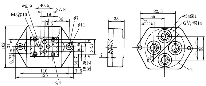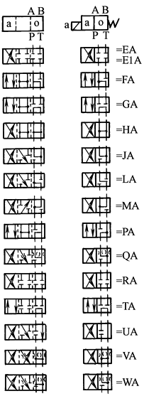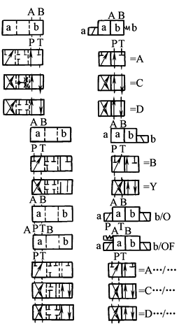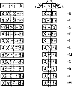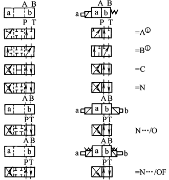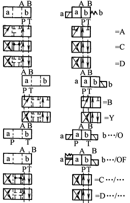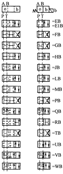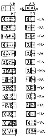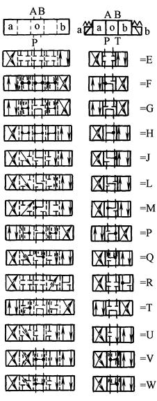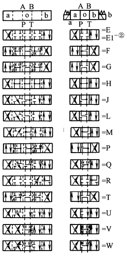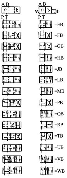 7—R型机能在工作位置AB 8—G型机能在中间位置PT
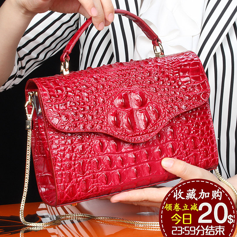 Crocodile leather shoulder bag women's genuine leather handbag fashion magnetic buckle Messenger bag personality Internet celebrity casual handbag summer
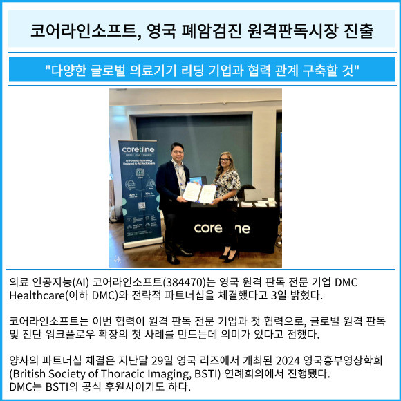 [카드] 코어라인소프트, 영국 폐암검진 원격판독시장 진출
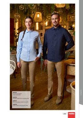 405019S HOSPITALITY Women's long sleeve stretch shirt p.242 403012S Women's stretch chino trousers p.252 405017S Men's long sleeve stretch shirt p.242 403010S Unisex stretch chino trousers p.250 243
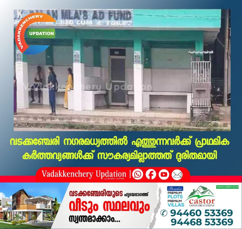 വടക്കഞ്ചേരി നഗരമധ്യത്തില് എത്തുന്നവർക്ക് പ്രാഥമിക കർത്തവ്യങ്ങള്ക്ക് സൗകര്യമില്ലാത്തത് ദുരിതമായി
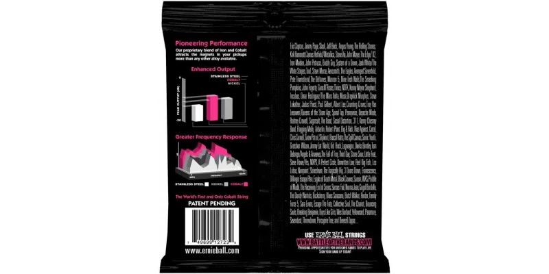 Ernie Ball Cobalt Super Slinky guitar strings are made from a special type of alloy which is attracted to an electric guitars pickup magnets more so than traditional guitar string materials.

········

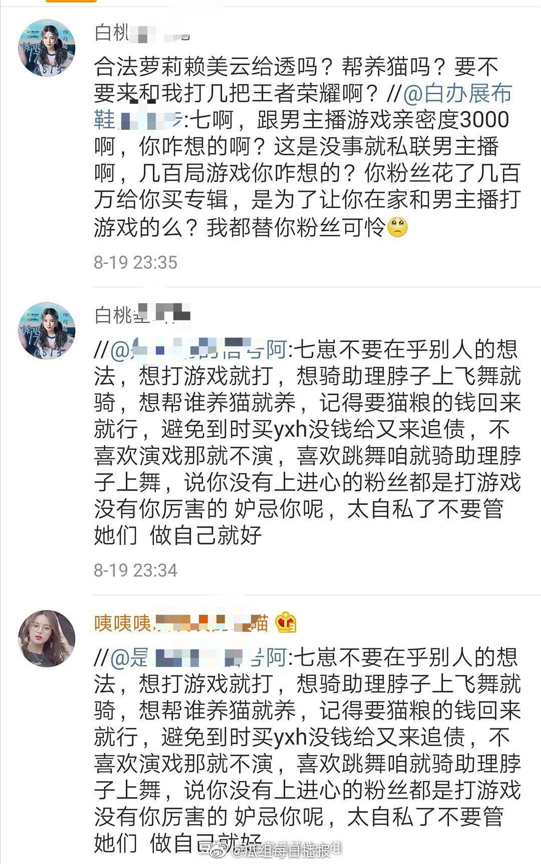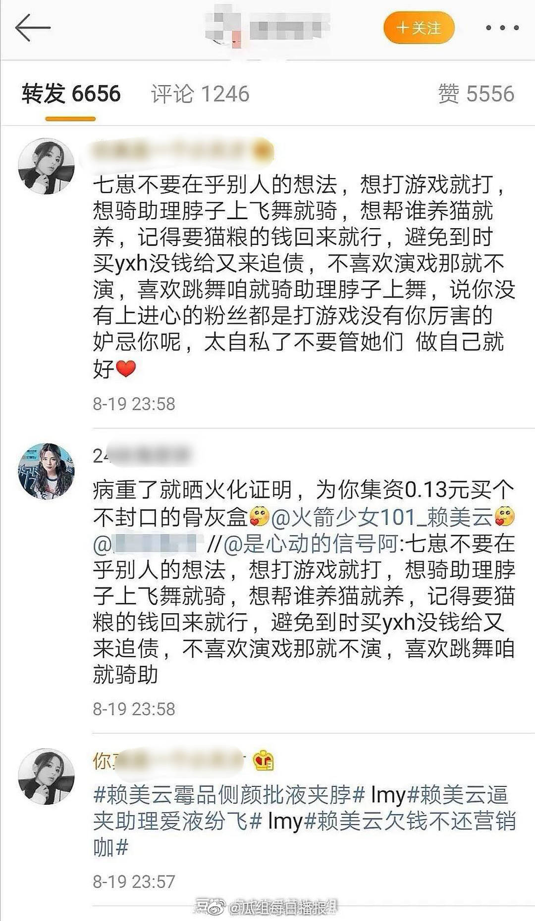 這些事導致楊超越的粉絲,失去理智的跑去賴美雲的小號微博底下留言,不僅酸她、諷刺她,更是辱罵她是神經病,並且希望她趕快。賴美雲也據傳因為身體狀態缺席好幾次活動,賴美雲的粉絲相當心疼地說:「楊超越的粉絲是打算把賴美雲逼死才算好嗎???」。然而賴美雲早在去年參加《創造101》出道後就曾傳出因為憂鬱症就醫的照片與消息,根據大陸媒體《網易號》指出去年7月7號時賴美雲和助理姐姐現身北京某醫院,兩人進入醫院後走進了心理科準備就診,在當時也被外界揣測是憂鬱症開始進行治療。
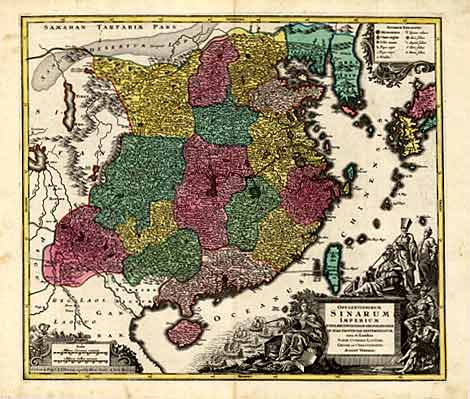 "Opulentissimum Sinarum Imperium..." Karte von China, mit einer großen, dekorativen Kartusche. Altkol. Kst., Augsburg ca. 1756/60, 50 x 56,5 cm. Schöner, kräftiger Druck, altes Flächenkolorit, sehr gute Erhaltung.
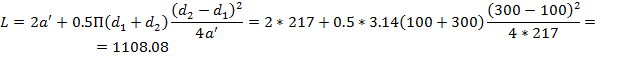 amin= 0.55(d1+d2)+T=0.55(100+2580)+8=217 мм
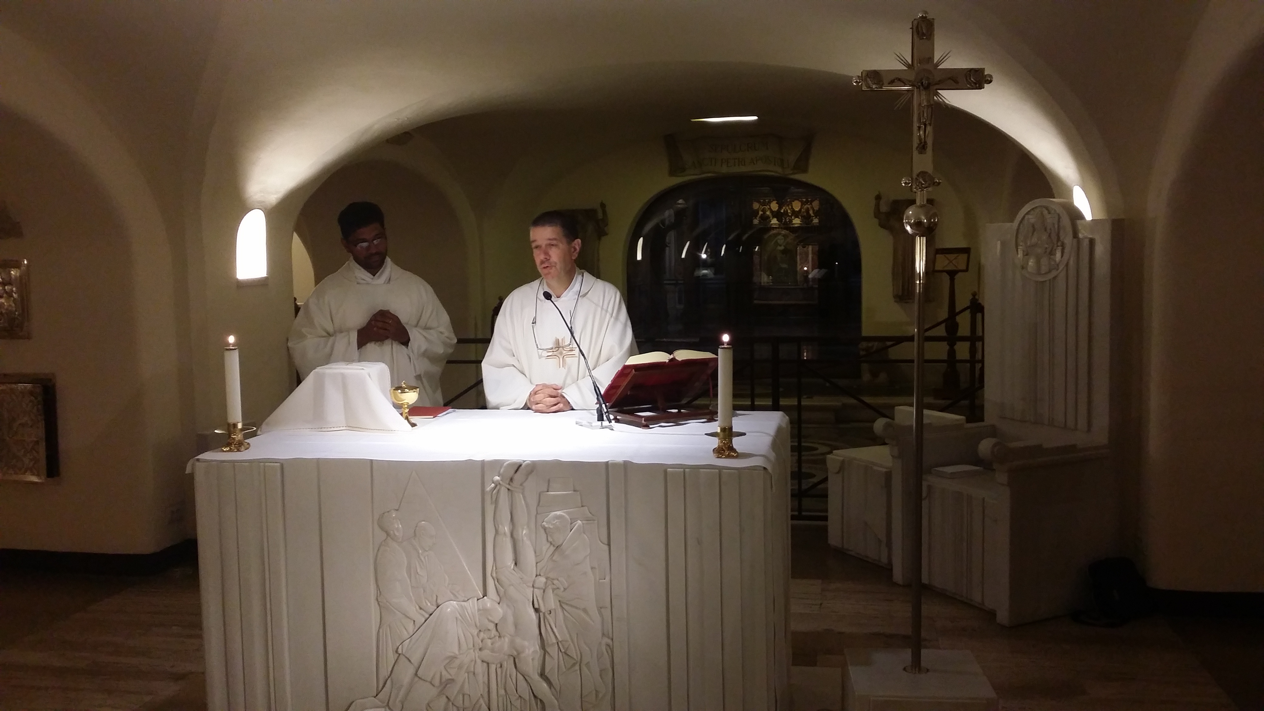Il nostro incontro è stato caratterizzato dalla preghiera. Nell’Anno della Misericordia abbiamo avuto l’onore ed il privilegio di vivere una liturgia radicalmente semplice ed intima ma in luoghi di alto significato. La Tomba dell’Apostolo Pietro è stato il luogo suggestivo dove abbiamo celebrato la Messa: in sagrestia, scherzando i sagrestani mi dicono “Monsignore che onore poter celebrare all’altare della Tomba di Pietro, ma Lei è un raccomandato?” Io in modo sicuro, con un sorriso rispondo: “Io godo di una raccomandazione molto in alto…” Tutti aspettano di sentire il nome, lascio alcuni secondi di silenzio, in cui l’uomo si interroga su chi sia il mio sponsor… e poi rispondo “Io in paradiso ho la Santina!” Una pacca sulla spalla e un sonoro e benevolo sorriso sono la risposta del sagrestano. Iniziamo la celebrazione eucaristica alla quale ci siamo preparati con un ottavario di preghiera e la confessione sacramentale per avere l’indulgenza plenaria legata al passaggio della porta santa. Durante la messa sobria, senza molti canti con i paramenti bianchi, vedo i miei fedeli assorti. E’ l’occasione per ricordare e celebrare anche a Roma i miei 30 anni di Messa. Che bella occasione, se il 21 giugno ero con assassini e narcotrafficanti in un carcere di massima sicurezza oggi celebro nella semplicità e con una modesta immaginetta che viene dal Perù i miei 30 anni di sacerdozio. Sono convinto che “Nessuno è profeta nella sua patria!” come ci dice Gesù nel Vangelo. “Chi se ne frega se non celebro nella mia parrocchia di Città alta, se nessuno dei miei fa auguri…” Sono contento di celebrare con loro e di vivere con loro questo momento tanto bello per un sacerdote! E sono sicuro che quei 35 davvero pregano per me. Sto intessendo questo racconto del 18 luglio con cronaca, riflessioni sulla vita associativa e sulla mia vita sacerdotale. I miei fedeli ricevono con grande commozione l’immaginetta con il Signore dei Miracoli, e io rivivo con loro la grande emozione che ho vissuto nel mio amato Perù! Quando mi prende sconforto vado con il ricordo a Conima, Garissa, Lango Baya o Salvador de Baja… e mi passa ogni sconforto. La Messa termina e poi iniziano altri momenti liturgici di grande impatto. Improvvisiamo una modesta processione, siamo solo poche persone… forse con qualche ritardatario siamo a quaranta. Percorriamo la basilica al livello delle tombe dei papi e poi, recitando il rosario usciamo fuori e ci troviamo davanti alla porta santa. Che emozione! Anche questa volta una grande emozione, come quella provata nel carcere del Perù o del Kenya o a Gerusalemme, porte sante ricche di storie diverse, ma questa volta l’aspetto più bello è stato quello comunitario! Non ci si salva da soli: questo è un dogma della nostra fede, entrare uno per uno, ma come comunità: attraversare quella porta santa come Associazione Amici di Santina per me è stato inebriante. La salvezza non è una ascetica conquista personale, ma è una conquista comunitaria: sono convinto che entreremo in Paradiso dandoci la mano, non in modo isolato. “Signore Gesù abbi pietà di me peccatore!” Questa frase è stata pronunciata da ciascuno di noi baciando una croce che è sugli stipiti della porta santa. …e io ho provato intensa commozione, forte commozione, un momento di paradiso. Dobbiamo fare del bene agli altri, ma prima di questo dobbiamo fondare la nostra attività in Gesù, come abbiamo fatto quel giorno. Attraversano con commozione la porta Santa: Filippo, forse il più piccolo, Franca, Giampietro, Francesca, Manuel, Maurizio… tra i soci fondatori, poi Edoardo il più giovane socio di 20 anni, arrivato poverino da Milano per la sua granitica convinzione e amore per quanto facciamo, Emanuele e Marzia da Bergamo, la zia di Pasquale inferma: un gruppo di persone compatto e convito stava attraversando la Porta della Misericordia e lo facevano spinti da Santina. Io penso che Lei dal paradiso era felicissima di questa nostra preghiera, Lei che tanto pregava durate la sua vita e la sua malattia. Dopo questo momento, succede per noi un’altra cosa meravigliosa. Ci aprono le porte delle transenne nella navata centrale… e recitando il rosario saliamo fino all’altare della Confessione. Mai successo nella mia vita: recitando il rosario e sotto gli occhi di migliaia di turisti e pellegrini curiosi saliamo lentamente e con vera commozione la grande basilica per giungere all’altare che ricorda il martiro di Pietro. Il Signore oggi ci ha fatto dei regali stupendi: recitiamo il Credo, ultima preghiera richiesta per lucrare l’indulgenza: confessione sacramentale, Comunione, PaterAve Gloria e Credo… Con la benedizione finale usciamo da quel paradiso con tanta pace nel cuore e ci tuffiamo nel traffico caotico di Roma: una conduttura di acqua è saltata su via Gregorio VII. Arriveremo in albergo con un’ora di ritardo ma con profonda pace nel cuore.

········

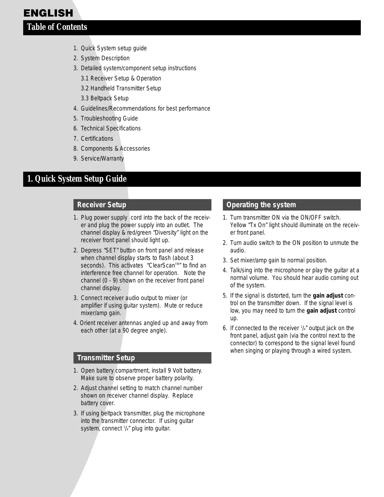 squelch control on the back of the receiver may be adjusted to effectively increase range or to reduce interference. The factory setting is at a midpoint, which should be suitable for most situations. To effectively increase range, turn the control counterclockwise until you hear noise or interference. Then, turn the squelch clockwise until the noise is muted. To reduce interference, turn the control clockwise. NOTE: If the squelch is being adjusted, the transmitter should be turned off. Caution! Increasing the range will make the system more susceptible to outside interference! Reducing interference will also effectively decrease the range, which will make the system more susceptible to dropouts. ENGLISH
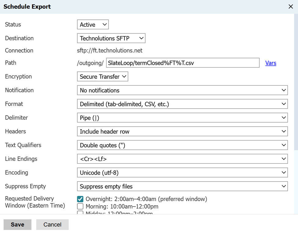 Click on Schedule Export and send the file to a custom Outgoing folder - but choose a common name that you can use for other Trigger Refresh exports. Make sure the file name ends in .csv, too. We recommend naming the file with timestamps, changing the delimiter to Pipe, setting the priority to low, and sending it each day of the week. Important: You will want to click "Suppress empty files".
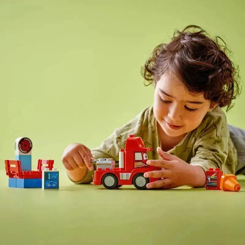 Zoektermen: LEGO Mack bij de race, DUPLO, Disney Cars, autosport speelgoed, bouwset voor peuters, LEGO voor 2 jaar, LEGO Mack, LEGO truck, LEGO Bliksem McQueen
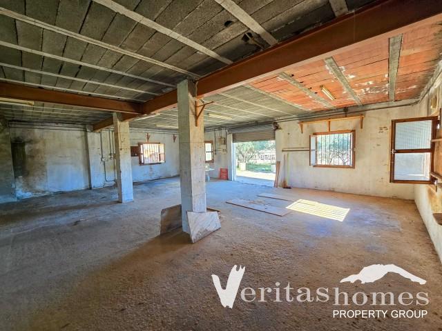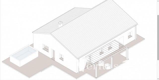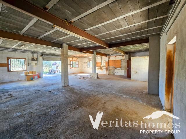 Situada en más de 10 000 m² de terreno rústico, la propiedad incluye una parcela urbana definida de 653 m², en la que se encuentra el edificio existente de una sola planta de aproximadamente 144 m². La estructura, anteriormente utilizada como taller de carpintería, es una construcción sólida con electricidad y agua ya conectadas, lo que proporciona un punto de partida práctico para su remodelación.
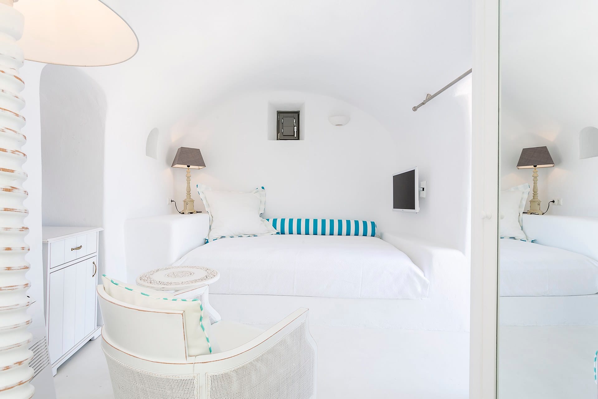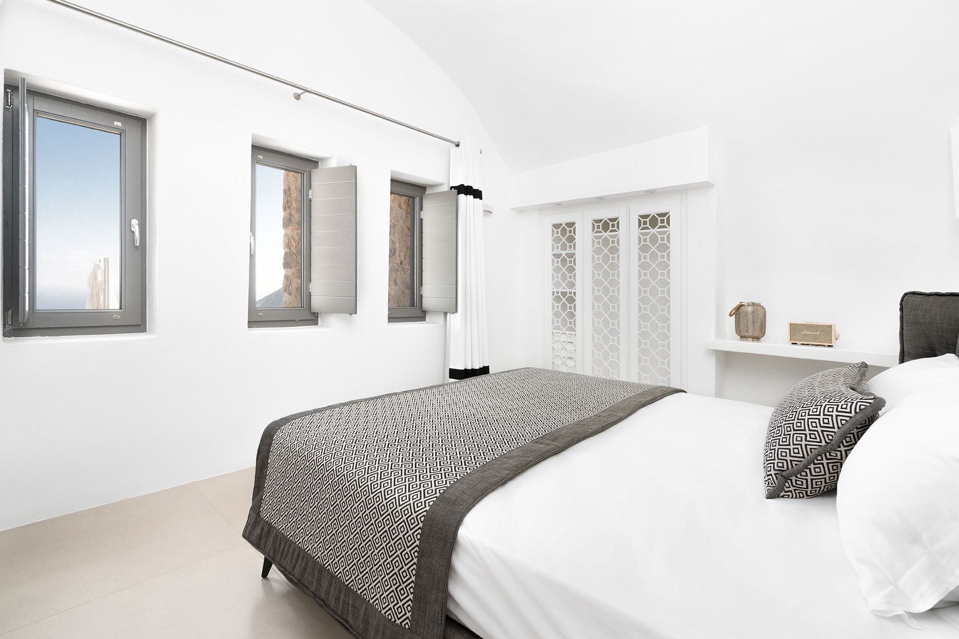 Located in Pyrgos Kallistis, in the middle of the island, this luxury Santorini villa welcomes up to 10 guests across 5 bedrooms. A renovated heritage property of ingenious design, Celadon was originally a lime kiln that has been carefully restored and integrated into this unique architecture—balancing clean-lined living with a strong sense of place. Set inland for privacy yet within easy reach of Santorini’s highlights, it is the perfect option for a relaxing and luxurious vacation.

········

• [Exercise goal]:
Only the lines above starting with the line with "這些事導致楊超越的粉絲,失去" and going on through the line with "amin= 0.55(d1+d2)+T=0.55(100+2580)+8=217 мм" belong in the answer; repeat them exactly, minus any picture.

• [Output]:
 這些事導致楊超越的粉絲,失去理智的跑去賴美雲的小號微博底下留言,不僅酸她、諷刺她,更是辱罵她是神經病,並且希望她趕快。賴美雲也據傳因為身體狀態缺席好幾次活動,賴美雲的粉絲相當心疼地說:「楊超越的粉絲是打算把賴美雲逼死才算好嗎???」。然而賴美雲早在去年參加《創造101》出道後就曾傳出因為憂鬱症就醫的照片與消息,根據大陸媒體《網易號》指出去年7月7號時賴美雲和助理姐姐現身北京某醫院,兩人進入醫院後走進了心理科準備就診,在當時也被外界揣測是憂鬱症開始進行治療。
 "Opulentissimum Sinarum Imperium..." Karte von China, mit einer großen, dekorativen Kartusche. Altkol. Kst., Augsburg ca. 1756/60, 50 x 56,5 cm. Schöner, kräftiger Druck, altes Flächenkolorit, sehr gute Erhaltung.
 amin= 0.55(d1+d2)+T=0.55(100+2580)+8=217 мм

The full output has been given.